What this task involves »
Copy exactly, and only, the lines between the start of the entries below and the line containing "Прогноз по цене", both inclusive. Omit pictures.

++++ Extracted records ++++

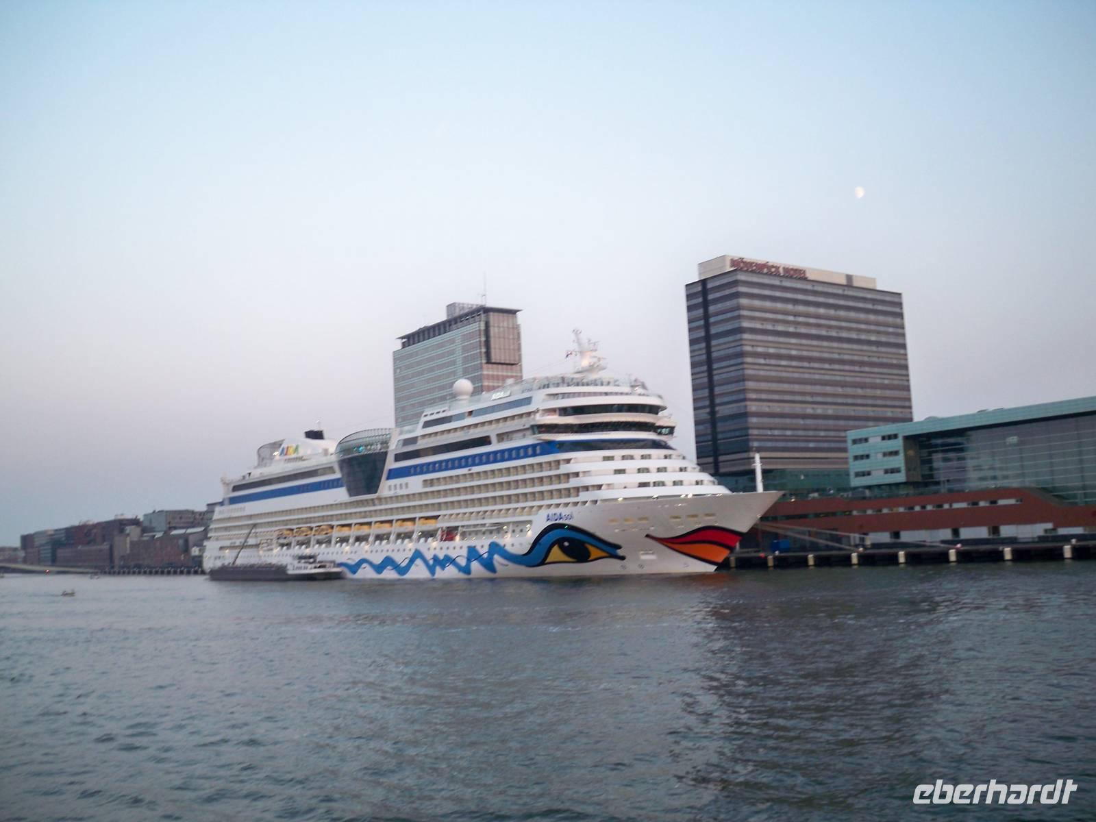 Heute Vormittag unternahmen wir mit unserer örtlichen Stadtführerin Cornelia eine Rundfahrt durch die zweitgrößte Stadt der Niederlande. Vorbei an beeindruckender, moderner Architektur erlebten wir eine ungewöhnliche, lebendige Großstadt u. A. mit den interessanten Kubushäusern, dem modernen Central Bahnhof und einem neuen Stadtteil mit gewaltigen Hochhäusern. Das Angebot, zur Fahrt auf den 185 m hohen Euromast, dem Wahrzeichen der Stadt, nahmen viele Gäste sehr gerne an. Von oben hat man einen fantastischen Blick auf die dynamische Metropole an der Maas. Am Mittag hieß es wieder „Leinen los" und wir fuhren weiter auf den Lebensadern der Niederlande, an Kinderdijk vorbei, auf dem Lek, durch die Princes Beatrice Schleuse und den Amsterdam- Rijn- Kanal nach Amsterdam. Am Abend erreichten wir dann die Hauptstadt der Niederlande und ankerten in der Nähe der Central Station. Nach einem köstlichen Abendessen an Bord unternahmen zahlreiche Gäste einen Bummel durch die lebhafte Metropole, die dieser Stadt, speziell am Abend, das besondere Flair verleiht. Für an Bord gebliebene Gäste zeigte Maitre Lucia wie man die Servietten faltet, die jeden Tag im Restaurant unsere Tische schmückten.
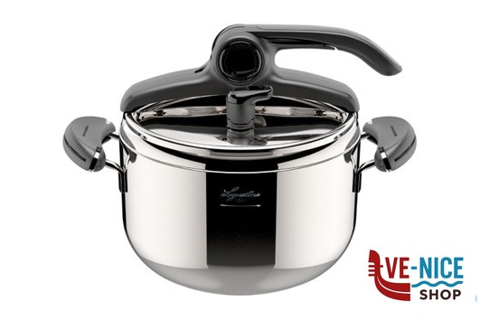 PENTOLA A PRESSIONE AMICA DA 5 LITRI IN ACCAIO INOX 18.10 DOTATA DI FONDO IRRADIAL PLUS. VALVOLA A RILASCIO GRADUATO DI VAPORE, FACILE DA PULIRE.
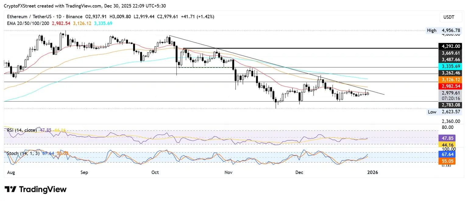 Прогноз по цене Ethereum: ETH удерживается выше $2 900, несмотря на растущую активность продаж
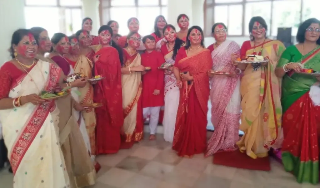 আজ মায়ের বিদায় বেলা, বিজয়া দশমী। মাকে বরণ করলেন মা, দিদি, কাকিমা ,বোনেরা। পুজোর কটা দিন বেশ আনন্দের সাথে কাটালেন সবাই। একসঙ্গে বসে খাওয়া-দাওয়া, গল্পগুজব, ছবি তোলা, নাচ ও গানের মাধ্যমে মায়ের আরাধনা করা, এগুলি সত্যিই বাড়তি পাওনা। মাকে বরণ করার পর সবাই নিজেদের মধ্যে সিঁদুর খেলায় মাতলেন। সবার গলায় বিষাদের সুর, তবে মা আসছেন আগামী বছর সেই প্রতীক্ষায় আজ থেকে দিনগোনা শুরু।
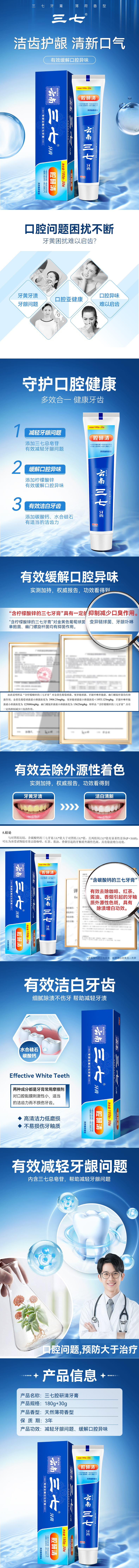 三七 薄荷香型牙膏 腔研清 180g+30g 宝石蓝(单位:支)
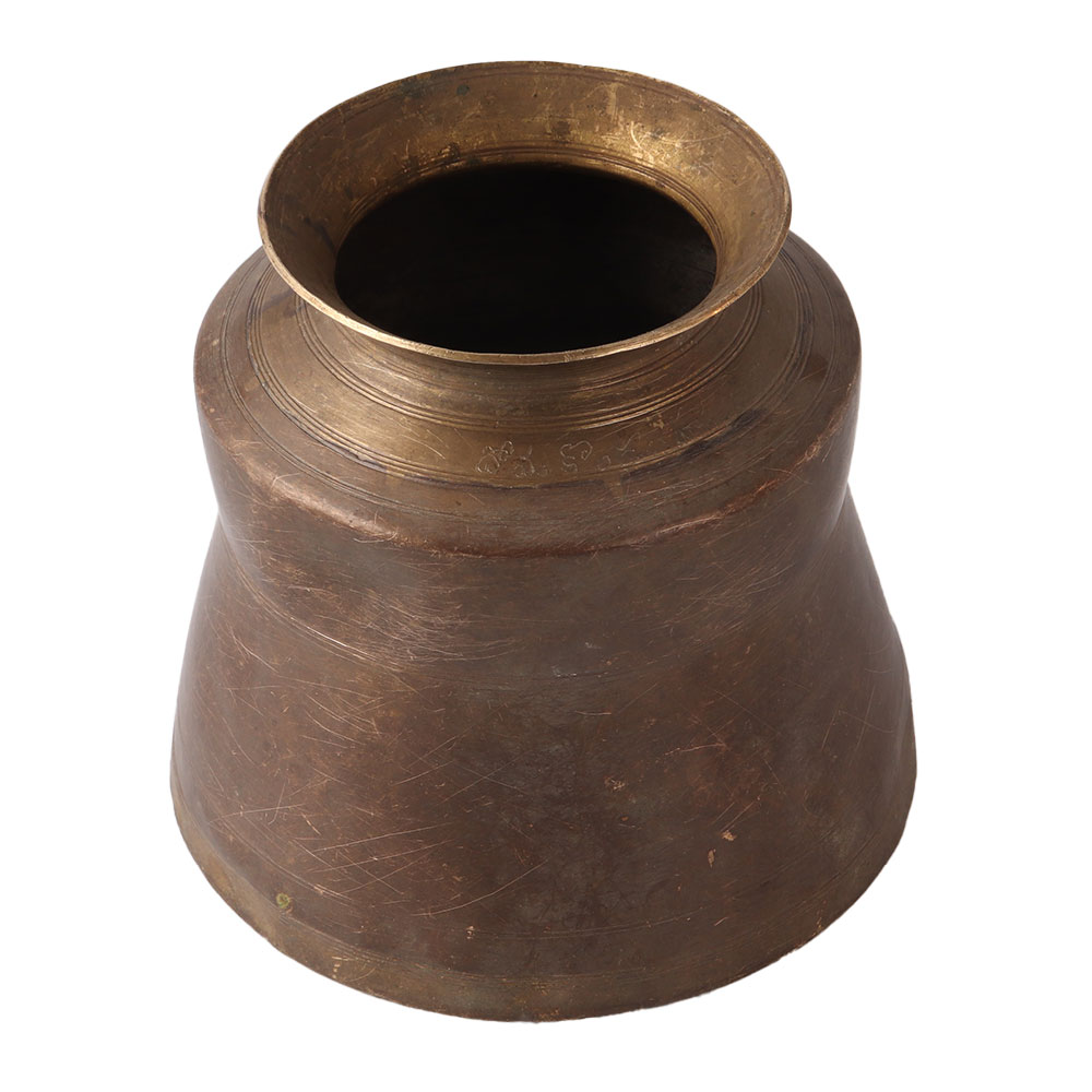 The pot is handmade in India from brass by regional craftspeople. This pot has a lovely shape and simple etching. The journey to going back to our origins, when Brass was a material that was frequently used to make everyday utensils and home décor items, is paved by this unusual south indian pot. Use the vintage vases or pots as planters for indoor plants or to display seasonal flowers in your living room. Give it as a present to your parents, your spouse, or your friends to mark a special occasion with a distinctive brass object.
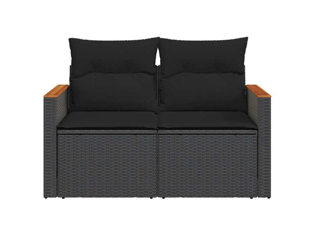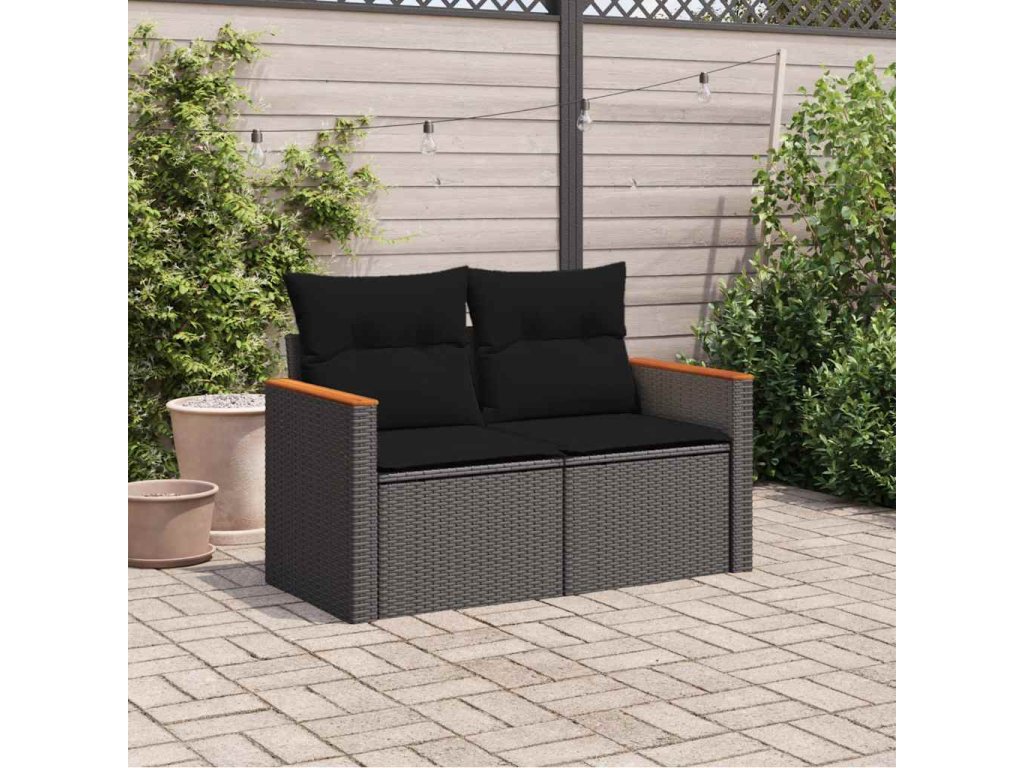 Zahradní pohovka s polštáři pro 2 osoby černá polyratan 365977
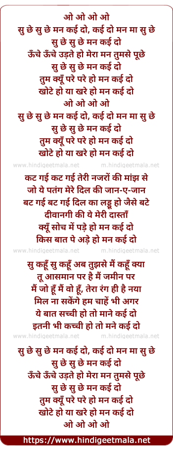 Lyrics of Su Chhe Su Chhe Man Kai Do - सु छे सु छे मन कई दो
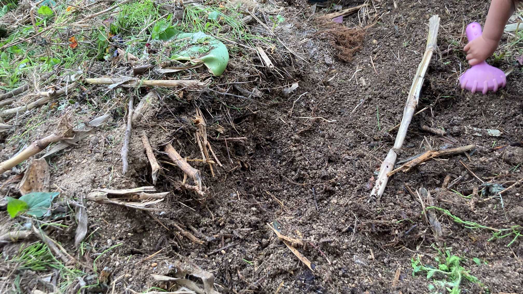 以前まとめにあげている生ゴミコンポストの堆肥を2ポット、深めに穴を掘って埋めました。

++++

Output of the exercise »
 Heute Vormittag unternahmen wir mit unserer örtlichen Stadtführerin Cornelia eine Rundfahrt durch die zweitgrößte Stadt der Niederlande. Vorbei an beeindruckender, moderner Architektur erlebten wir eine ungewöhnliche, lebendige Großstadt u. A. mit den interessanten Kubushäusern, dem modernen Central Bahnhof und einem neuen Stadtteil mit gewaltigen Hochhäusern. Das Angebot, zur Fahrt auf den 185 m hohen Euromast, dem Wahrzeichen der Stadt, nahmen viele Gäste sehr gerne an. Von oben hat man einen fantastischen Blick auf die dynamische Metropole an der Maas. Am Mittag hieß es wieder „Leinen los" und wir fuhren weiter auf den Lebensadern der Niederlande, an Kinderdijk vorbei, auf dem Lek, durch die Princes Beatrice Schleuse und den Amsterdam- Rijn- Kanal nach Amsterdam. Am Abend erreichten wir dann die Hauptstadt der Niederlande und ankerten in der Nähe der Central Station. Nach einem köstlichen Abendessen an Bord unternahmen zahlreiche Gäste einen Bummel durch die lebhafte Metropole, die dieser Stadt, speziell am Abend, das besondere Flair verleiht. Für an Bord gebliebene Gäste zeigte Maitre Lucia wie man die Servietten faltet, die jeden Tag im Restaurant unsere Tische schmückten.
 PENTOLA A PRESSIONE AMICA DA 5 LITRI IN ACCAIO INOX 18.10 DOTATA DI FONDO IRRADIAL PLUS. VALVOLA A RILASCIO GRADUATO DI VAPORE, FACILE DA PULIRE.
 Прогноз по цене Ethereum: ETH удерживается выше $2 900, несмотря на растущую активность продаж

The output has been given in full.